• **Provided material**

☆ ☆ ☆ ☆

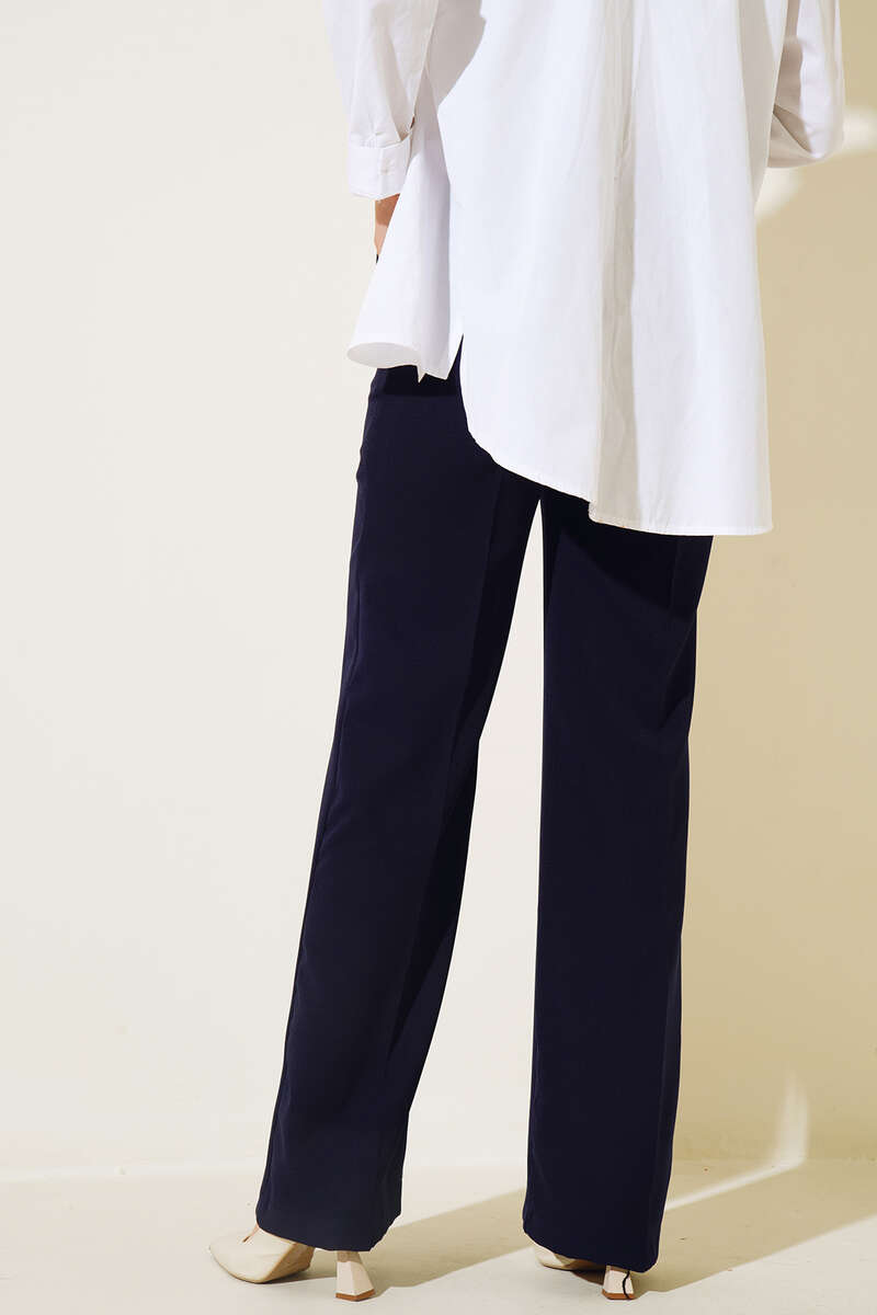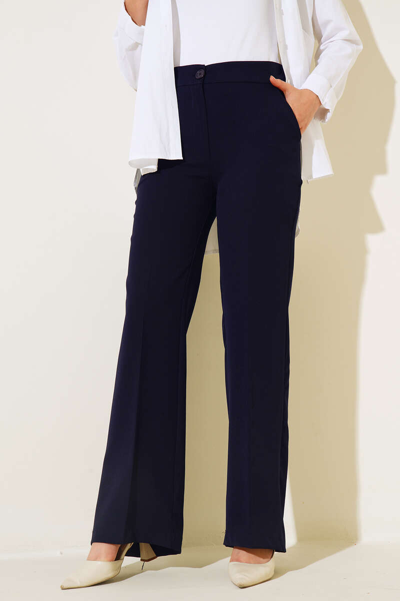 Yeni sezon pantolonumuzun şık duruşu gözleri üzerine topluyor. İki adet yan cebi kullanılabilmektedir. Düğmeli ve fermuarlı model olan pantolonumuz bol paçadır.
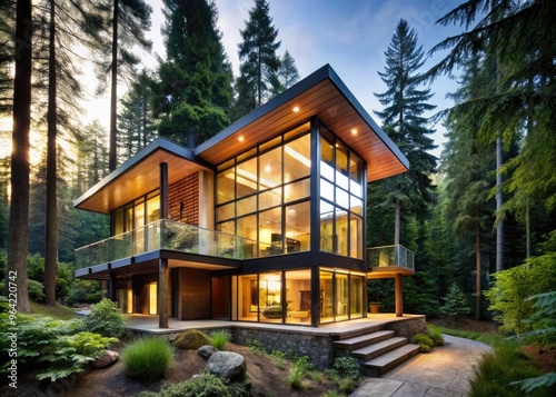 A Contemporary House Made Of Glass And Wood Nestled Amidst Towering Evergreen Trees In A Tranquil Forest Setting.
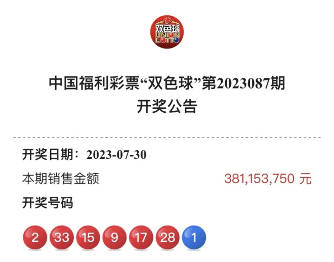 截止至第2023088期,双色球已经第3032次开奖。
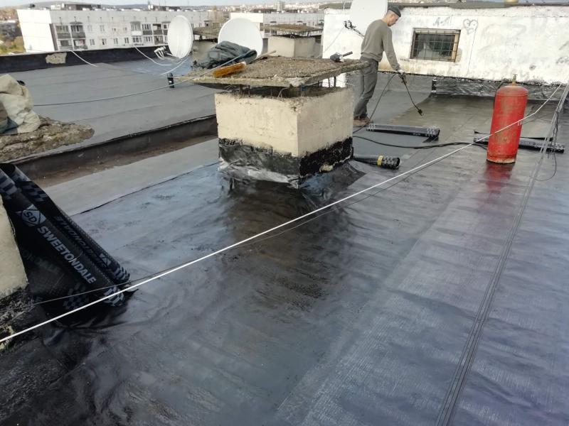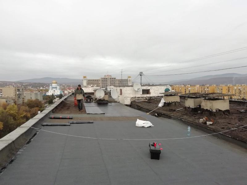 Ремонт покрівлі багатоповерхового панельного будинку на вул. Минайській,9 (ОСББ «Минайська,7,9») роблять в Ужгороді.
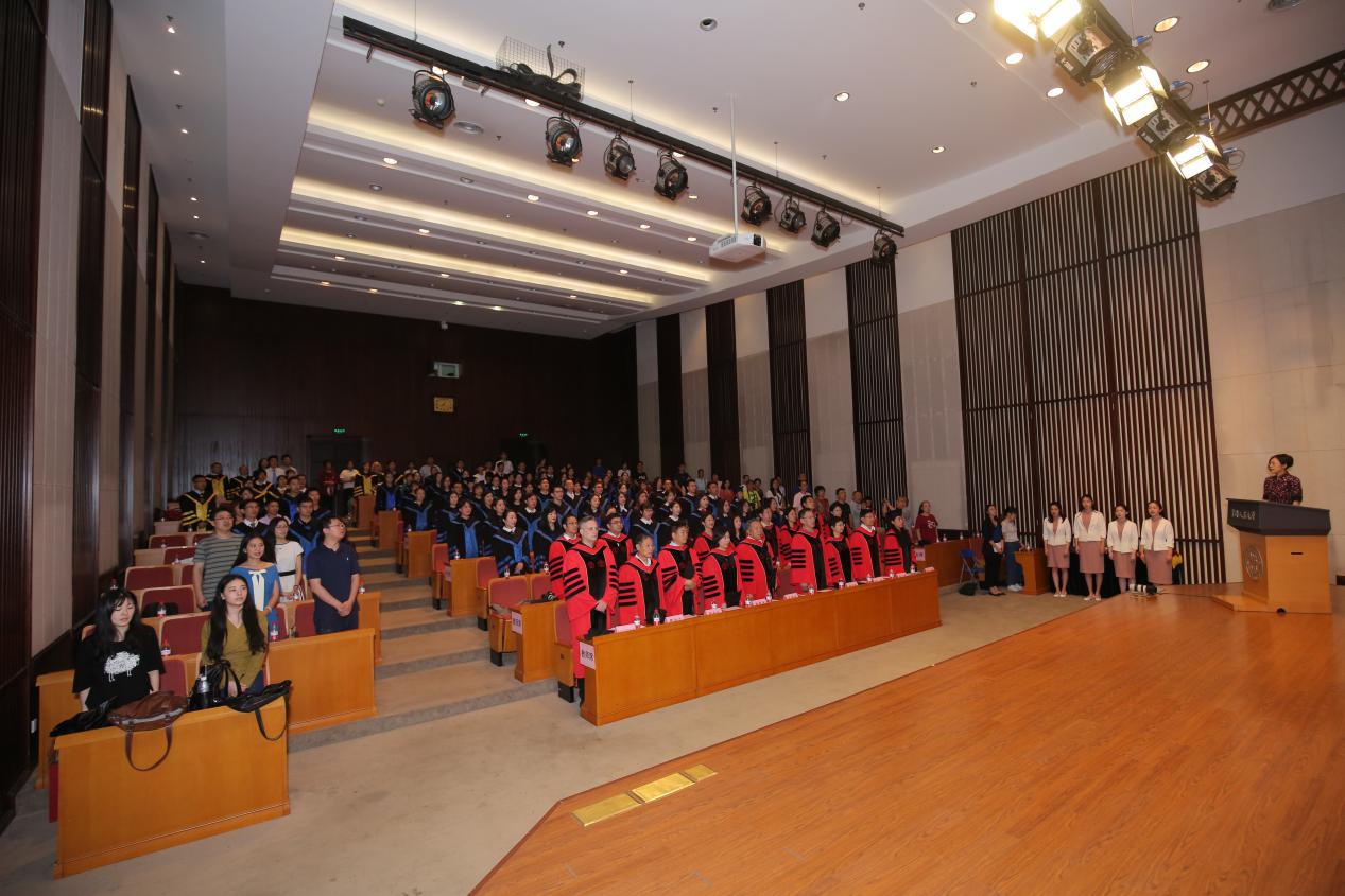 决定宣读完毕,2018年硕士学位获得者在工作人员的引导下,依次有序上台,校学位委员会副主席吴晓球教授,公司学术委员会主席程方平教授,申素平教授,李立国教授,周光礼教授共同为硕士学位获得者逐一拨穗、颁授学位证书,并与其合影留念。
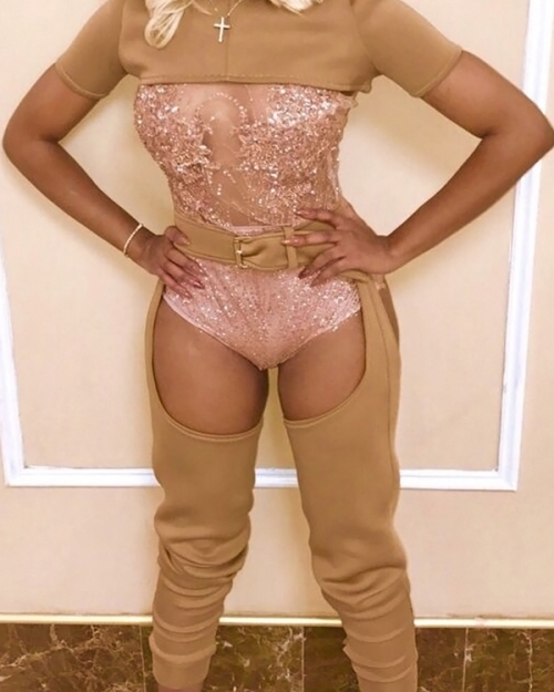 Sexy Round Neck Hollow-out Khaki Polyester Two-piece Pants Set(Without Subcoating)
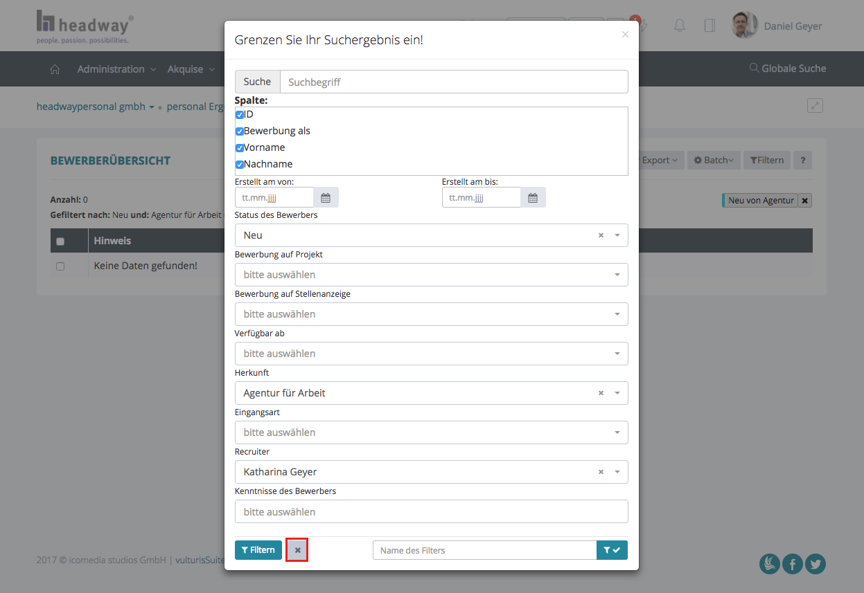 Sie können die Bewerberübersicht auf sehr viele Arten filtern/durchsuchen. Klicken Sie dazu oben rechts auf den Button „Filtern“.

☆ ☆ ☆ ☆

What the answer must hold: all the data above, given again exactly, without pictures.

• **Solution for this task**
 Yeni sezon pantolonumuzun şık duruşu gözleri üzerine topluyor. İki adet yan cebi kullanılabilmektedir. Düğmeli ve fermuarlı model olan pantolonumuz bol paçadır.
 A Contemporary House Made Of Glass And Wood Nestled Amidst Towering Evergreen Trees In A Tranquil Forest Setting.
 截止至第2023088期,双色球已经第3032次开奖。
 Ремонт покрівлі багатоповерхового панельного будинку на вул. Минайській,9 (ОСББ «Минайська,7,9») роблять в Ужгороді.
 决定宣读完毕,2018年硕士学位获得者在工作人员的引导下,依次有序上台,校学位委员会副主席吴晓球教授,公司学术委员会主席程方平教授,申素平教授,李立国教授,周光礼教授共同为硕士学位获得者逐一拨穗、颁授学位证书,并与其合影留念。
 Sexy Round Neck Hollow-out Khaki Polyester Two-piece Pants Set(Without Subcoating)
 Sie können die Bewerberübersicht auf sehr viele Arten filtern/durchsuchen. Klicken Sie dazu oben rechts auf den Button „Filtern“.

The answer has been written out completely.